Best Practices for Designing a Pragmatic RESTful API - johnchristopher
https://www.vinaysahni.com/best-practices-for-a-pragmatic-restful-api
======
teddyh
> _Should the media type change based on Accept headers or based on the URL?
> To ensure browser explorability, it should be in the URL. The most sensible
> option here would be to append a .json or .xml extension to the endpoint
> URL._

I disagree with this. The most elegant solution is to use Accept headers, and
you should therefore implement that. Of course, since those are hard to use
from a browser, you should also solve _that_ problem, but solve that problem
_separately_. I usually do that by supporting an extra ?type=application/json
query parameter, which internally the server-side code converts to an Accept
header, which is then interpreted normally.
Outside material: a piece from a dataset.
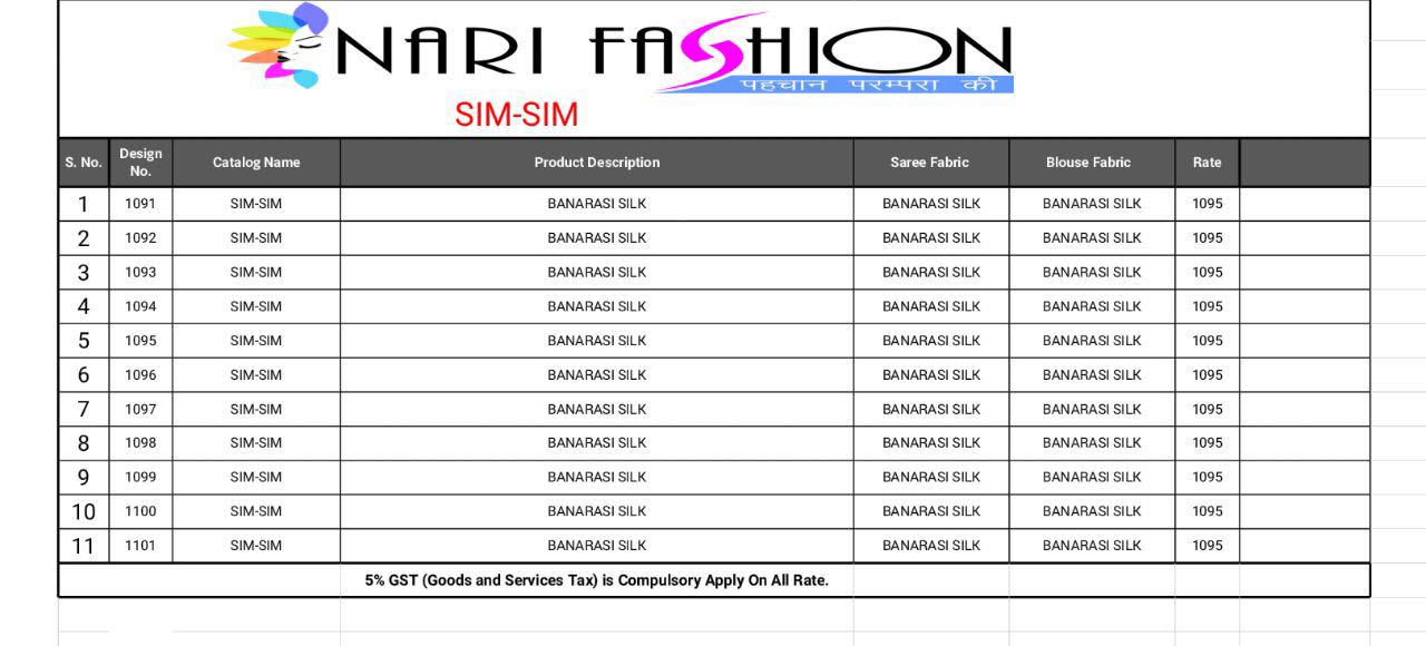 Brand - Nari fashion . Catlog name - SIM SIM. Series -1091 to 1101. 11 PIECE 1095/- PER PIECE GST 5 Percent Extra. Book your order. |

Note that I use the _media type_ ,
not a possibly ambigous “.json” extension. Would “/foo.json” mean that the
data is of type application/vnd.hal+json or maybe application/vnd.api+json?
Who knows?

IMO, file name extensions _do not_ belong in URLs. URLs were never meant to be
files, and we should try to avoid .html, .cgi and .php in our URLs. See also
_Cool URIs don 't change_ from 1998:
[https://www.w3.org/Provider/Style/URI](https://www.w3.org/Provider/Style/URI)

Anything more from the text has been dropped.